Work instruction
Print each entry again exactly as written, and keep the pictures out.

[Entries taken from a collection]
★ ★ ★

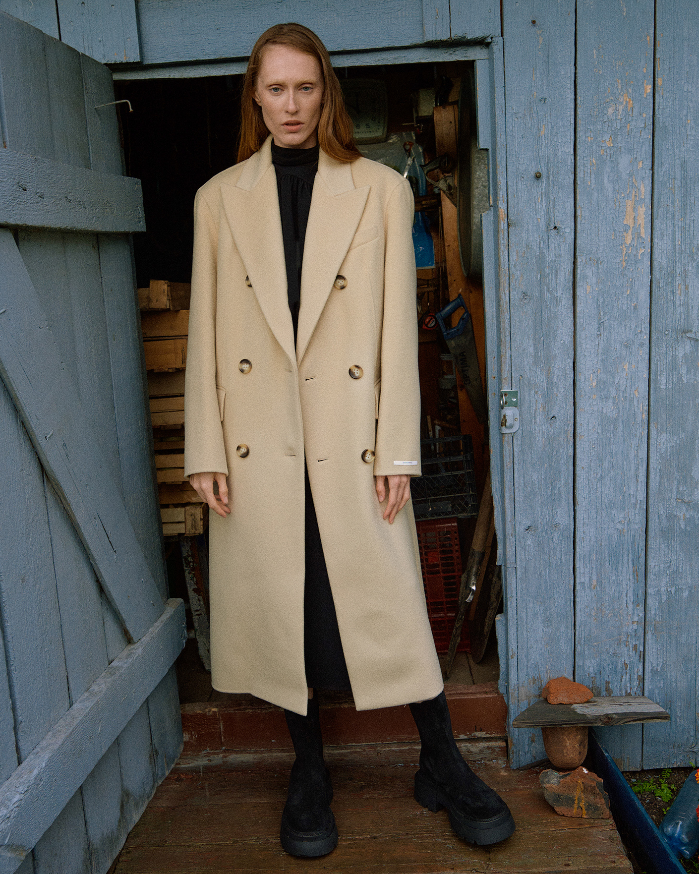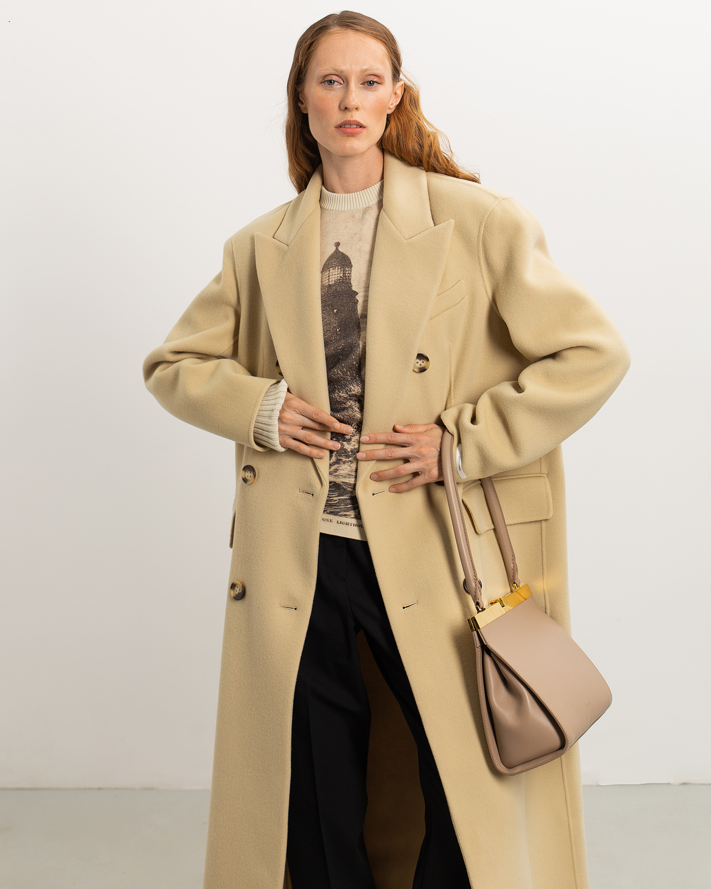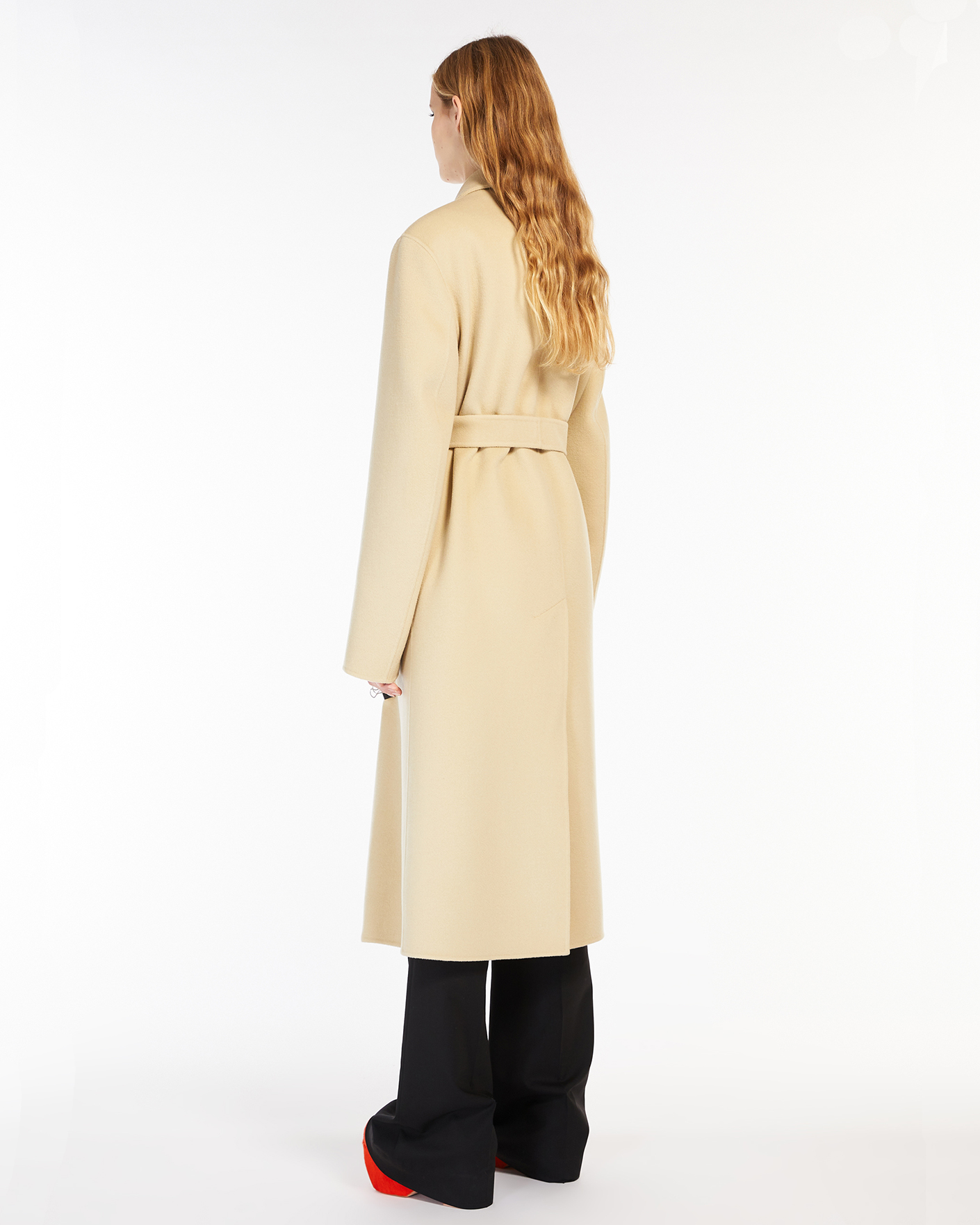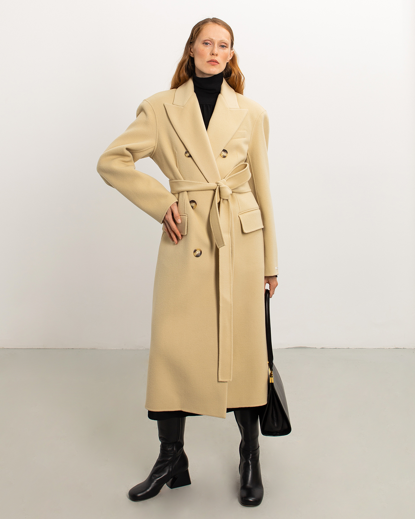 Двубортное пальто Sportmax светло-бежевого цвета выполнено из 100% шерсти. Модель с широкими заостренными лацканами, на крупных контрастных пуговиах, а также со вставным поясом в тон. Имеются врезные карманы с клапанами по бокам. Стильное пальто станет незаменимой вещью вашего верхнего гардероба.
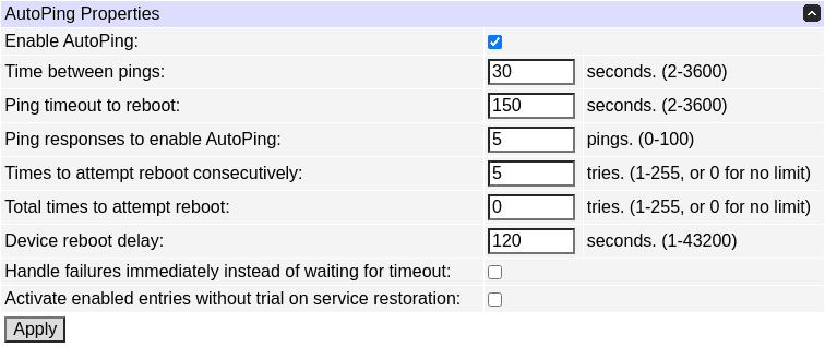 Be sure to enable AutoPing operation by ticking the "Enable AutoPing" checkbox. Certain reset procedures may turn it off automatically.
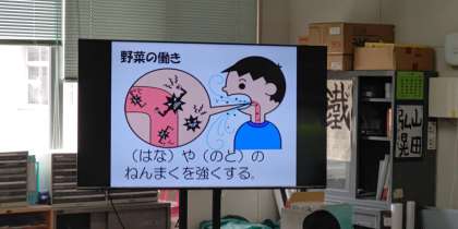栄養教育です。野菜のはたらきについて、学習しました。
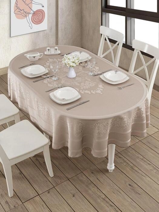 Скатерть овальная на стол тканевая бежевая праздничная для кухни столовой 160х220
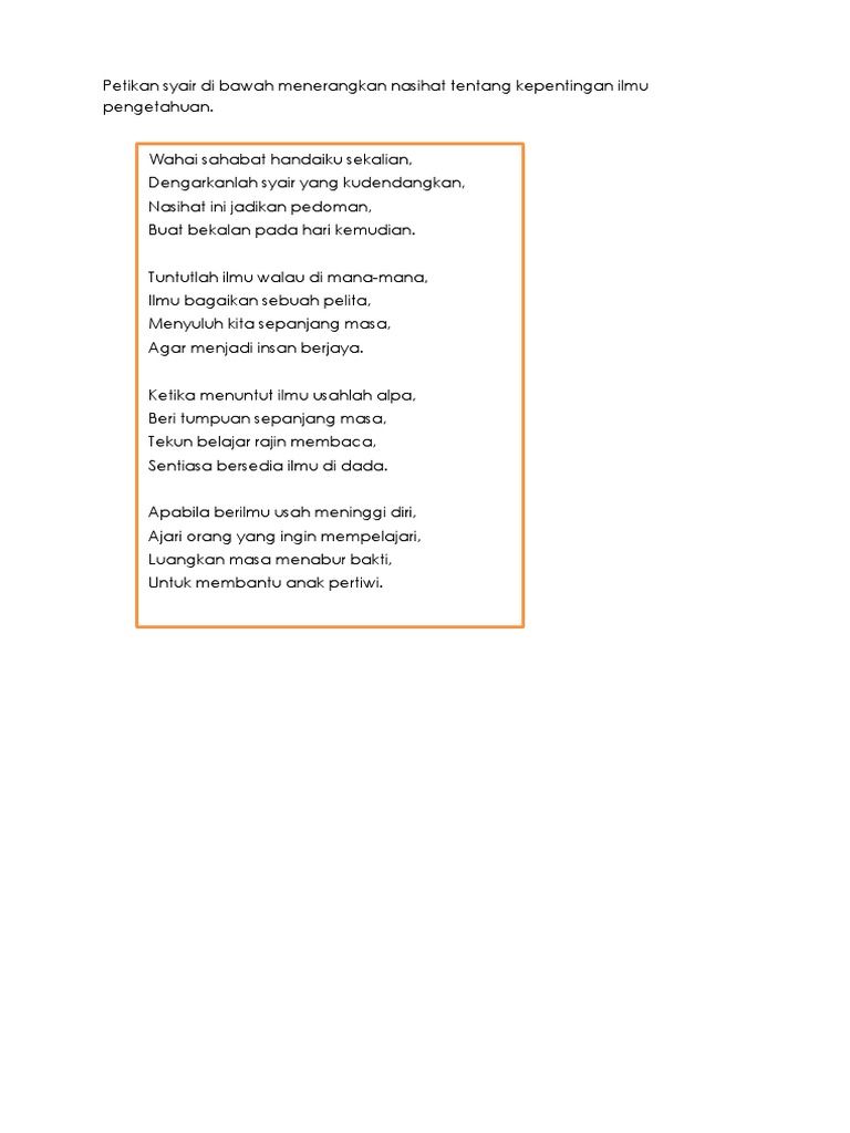 Contoh Syair Pendidikan Untuk Masa Depanmu Dengarlah wahai anakanda Rajinlah belajar sepanjang masa Ilmu tiada pernah. Syair sajak sahabat sajak. Hamba yang tak rajin sembahyang.
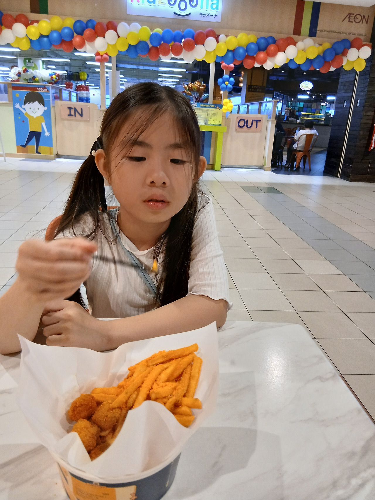 늘 지나다닐 때 슬기가 먹어보고 싶어 해서 한번 먹어봤다. 감자튀김집인데. 가격이 꽤 비쌌다. 흔한 감자튀김인데 거기에 파우더나 시즈닝을 뿌려준다. 가루는 여러 가지 선택할 수 있다. Cheese, Sour Cream, Seaweed, Tom Yam, Hot & Spicy, Barbecue, Tomato 등.

★ ★ ★

Output for this exercise
 Двубортное пальто Sportmax светло-бежевого цвета выполнено из 100% шерсти. Модель с широкими заостренными лацканами, на крупных контрастных пуговиах, а также со вставным поясом в тон. Имеются врезные карманы с клапанами по бокам. Стильное пальто станет незаменимой вещью вашего верхнего гардероба.
 Be sure to enable AutoPing operation by ticking the "Enable AutoPing" checkbox. Certain reset procedures may turn it off automatically.
栄養教育です。野菜のはたらきについて、学習しました。
 Скатерть овальная на стол тканевая бежевая праздничная для кухни столовой 160х220
 Contoh Syair Pendidikan Untuk Masa Depanmu Dengarlah wahai anakanda Rajinlah belajar sepanjang masa Ilmu tiada pernah. Syair sajak sahabat sajak. Hamba yang tak rajin sembahyang.
 늘 지나다닐 때 슬기가 먹어보고 싶어 해서 한번 먹어봤다. 감자튀김집인데. 가격이 꽤 비쌌다. 흔한 감자튀김인데 거기에 파우더나 시즈닝을 뿌려준다. 가루는 여러 가지 선택할 수 있다. Cheese, Sour Cream, Seaweed, Tom Yam, Hot & Spicy, Barbecue, Tomato 등.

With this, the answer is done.